• **Task instructions**: Your copy should match the entries exactly, with no images carried over.
** Opening Source information block **
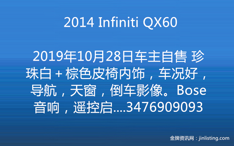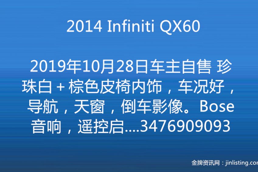 车主自售 2014 Infiniti QX60珍珠白+棕色皮椅内饰,车况好,导航,天窗,倒车影像。Bose音响,遥控启动,360度全景摄像头.,行李架和踏板都有……车在长岛,现在迈数4万多,价格$2W,车况好可以约法拉盛看车,有意请电3476909093王先生!
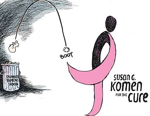 02/01/12 Komen responds to the growing liberal media backlash by issuing a statement: “we made the decision to implement stronger performance criteria for our grantees to minimize duplication and free up dollars for direct services to help vulnerable women. To support this new granting strategy, Komen has also implemented more stringent eligibility standards to safeguard donor dollars. Consequently, some organizations are no longer eligible to receive Komen grants.”[4]
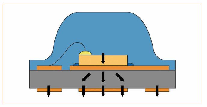 了解LED外壳中的热传导路径非常重要,因为它能够正确选择后续系统组件(PCB,焊盘等)。
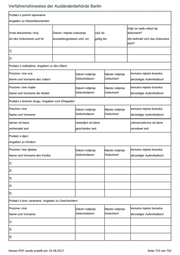 Verfahrenshinweise der Ausländerbehörde Berlin Podatci o putnim ispravama Angaben zu Reisedokumenten Vrsta dokumenta i broj Datum i mjesto izdavanja važi do Gdje se sada nalazi taj dokument? Art des Dokuments und Nr. Ausstellungsdatum und -ort gültig bis Wo befindet sich das Dokument jetzt? 1) 2) Podatci o roditeljima Angaben zu den Eltern Prezime i ime oca Datum rodjenja Geburtsdatum Mjesto rodjenja Geburtsort trenutno mjesto boravka Datum rodjenja Geburtsdatum Mjesto rodjenja Geburtsort trenutno mjesto boravka Mjesto rodjenja Geburtsort trenutno mjesto boravka Name und Vorname Datum rodjenja Geburtsdatum vjenan od dana rastavljen od dana udovac/udovica od dana verheiratet seit: geschieden seit: verwitwet seit: Name und Vorname des Vaters Prezime i ime majke Name und Vorname der Mutter derzeitiger Aufenthaltsort derzeitiger Aufenthaltsort Podatci o branom drugu Angaben zum Ehegatten Prezime i ime derzeitiger Aufenthaltsort Podatci o djeci Angaben zu Kindern Prezime i ime djeteta Name und Vorname des Kindes Datum rodjenja Geburtsdatum Mjesto rodjenja Geburtsort trenutno mjesto boravka Mjesto rodjenja Geburtsort trenutno mjesto boravka derzeitiger Aufenthaltsort 1) 2) 3) 4) 5) Podatci o brai i sestrama Angaben zu Geschwistern Prezime i ime Name und Vorname Datum rodjenja Geburtsdatum derzeitiger Aufenthaltsort 1) 2) 3) Dieses PDF wurde erstellt am: 01.06.2017 Seite 723 von 752
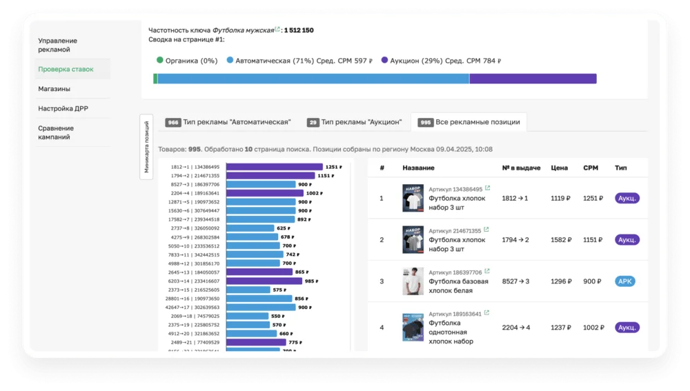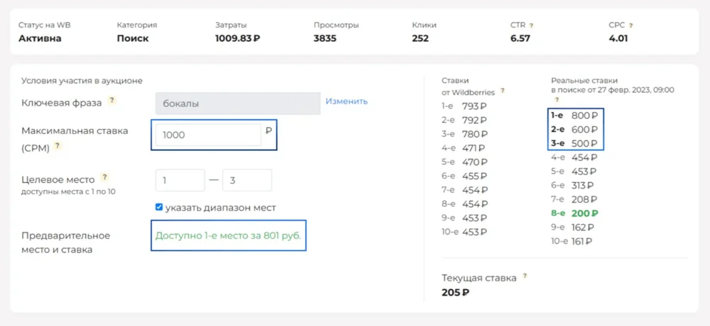 Реклама на Wildberries устроена по аукционной модели. Продавцы конкурируют между собой за показы, выставляя ставки за тысячу показов карточки товара. Чем выше ставка, тем больше шансов, что товар попадет в выдачу по поиску или отобразится в рекомендациях. Проблема в том, что реальная стоимость показа всегда скрыта: маркетплейс может предлагать завышенные ориентиры, а ставки конкурентов меняются буквально каждую минуту. Из-за этого легко переплатить и потерять показы и позиции.
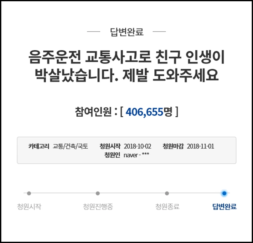 문 대통령은 “음주운전은 이제 실수가 아닌 엄중한 범죄”라며 처벌을 강화하겠다고 밝힌 바 있으나, 문 대통령의 퇴임이 50여 일밖에 남지 않아 게시판 운영을 더 이어나가기 어려운 상황이다.
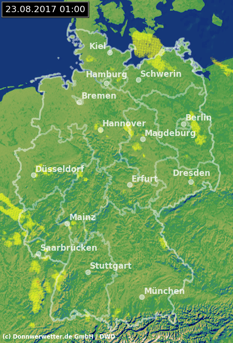 Das Radarbild zeigt momentan zwar schwache Signale, diese deuten aber nicht auf Niederschläge. Der Himmel über Deutschland ist im Südwesten teils bewölkt, sonst überwiegend sternenklar. Stellenweise haben sich einige Nebelfelder gebildet.
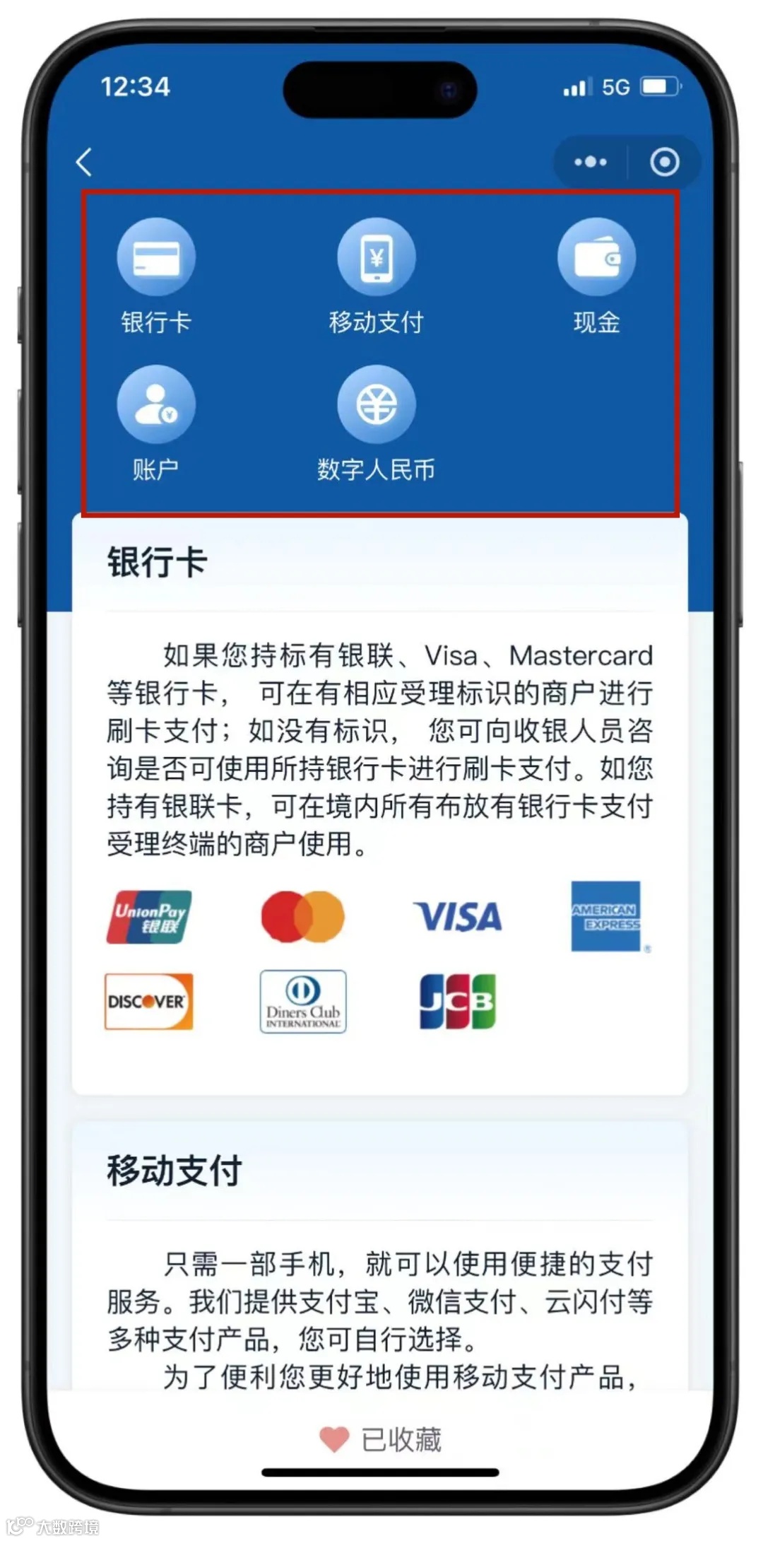 《在华支付指南》首页通过短视频介绍了在中国常用的五种支付方式:银行卡、移动支付、现金、银行账户和数字人民币。
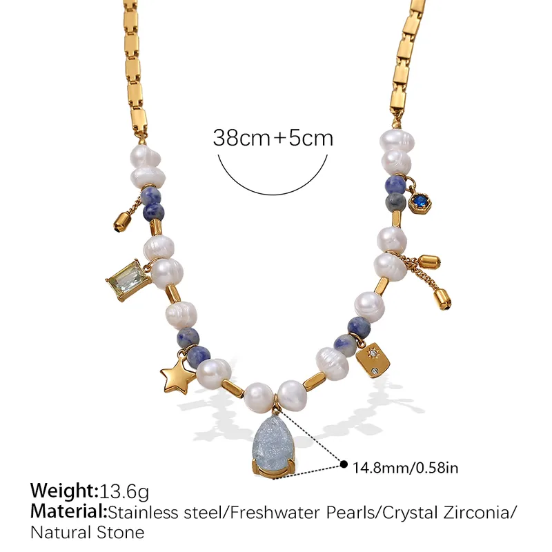 Glamour Lujoso Reina Geométrico Acero Inoxidable 304 Piedra Natural Perlas De Agua Dulce Mujeres Cadena Con Cuentas.
** Closing Source information block **
• **Solved problem**:
 车主自售 2014 Infiniti QX60珍珠白+棕色皮椅内饰,车况好,导航,天窗,倒车影像。Bose音响,遥控启动,360度全景摄像头.,行李架和踏板都有……车在长岛,现在迈数4万多,价格$2W,车况好可以约法拉盛看车,有意请电3476909093王先生!
 02/01/12 Komen responds to the growing liberal media backlash by issuing a statement: “we made the decision to implement stronger performance criteria for our grantees to minimize duplication and free up dollars for direct services to help vulnerable women. To support this new granting strategy, Komen has also implemented more stringent eligibility standards to safeguard donor dollars. Consequently, some organizations are no longer eligible to receive Komen grants.”[4]
 了解LED外壳中的热传导路径非常重要,因为它能够正确选择后续系统组件(PCB,焊盘等)。
 Verfahrenshinweise der Ausländerbehörde Berlin Podatci o putnim ispravama Angaben zu Reisedokumenten Vrsta dokumenta i broj Datum i mjesto izdavanja važi do Gdje se sada nalazi taj dokument? Art des Dokuments und Nr. Ausstellungsdatum und -ort gültig bis Wo befindet sich das Dokument jetzt? 1) 2) Podatci o roditeljima Angaben zu den Eltern Prezime i ime oca Datum rodjenja Geburtsdatum Mjesto rodjenja Geburtsort trenutno mjesto boravka Datum rodjenja Geburtsdatum Mjesto rodjenja Geburtsort trenutno mjesto boravka Mjesto rodjenja Geburtsort trenutno mjesto boravka Name und Vorname Datum rodjenja Geburtsdatum vjenan od dana rastavljen od dana udovac/udovica od dana verheiratet seit: geschieden seit: verwitwet seit: Name und Vorname des Vaters Prezime i ime majke Name und Vorname der Mutter derzeitiger Aufenthaltsort derzeitiger Aufenthaltsort Podatci o branom drugu Angaben zum Ehegatten Prezime i ime derzeitiger Aufenthaltsort Podatci o djeci Angaben zu Kindern Prezime i ime djeteta Name und Vorname des Kindes Datum rodjenja Geburtsdatum Mjesto rodjenja Geburtsort trenutno mjesto boravka Mjesto rodjenja Geburtsort trenutno mjesto boravka derzeitiger Aufenthaltsort 1) 2) 3) 4) 5) Podatci o brai i sestrama Angaben zu Geschwistern Prezime i ime Name und Vorname Datum rodjenja Geburtsdatum derzeitiger Aufenthaltsort 1) 2) 3) Dieses PDF wurde erstellt am: 01.06.2017 Seite 723 von 752
 Реклама на Wildberries устроена по аукционной модели. Продавцы конкурируют между собой за показы, выставляя ставки за тысячу показов карточки товара. Чем выше ставка, тем больше шансов, что товар попадет в выдачу по поиску или отобразится в рекомендациях. Проблема в том, что реальная стоимость показа всегда скрыта: маркетплейс может предлагать завышенные ориентиры, а ставки конкурентов меняются буквально каждую минуту. Из-за этого легко переплатить и потерять показы и позиции.
 문 대통령은 “음주운전은 이제 실수가 아닌 엄중한 범죄”라며 처벌을 강화하겠다고 밝힌 바 있으나, 문 대통령의 퇴임이 50여 일밖에 남지 않아 게시판 운영을 더 이어나가기 어려운 상황이다.
 Das Radarbild zeigt momentan zwar schwache Signale, diese deuten aber nicht auf Niederschläge. Der Himmel über Deutschland ist im Südwesten teils bewölkt, sonst überwiegend sternenklar. Stellenweise haben sich einige Nebelfelder gebildet.
 《在华支付指南》首页通过短视频介绍了在中国常用的五种支付方式:银行卡、移动支付、现金、银行账户和数字人民币。
 Glamour Lujoso Reina Geométrico Acero Inoxidable 304 Piedra Natural Perlas De Agua Dulce Mujeres Cadena Con Cuentas.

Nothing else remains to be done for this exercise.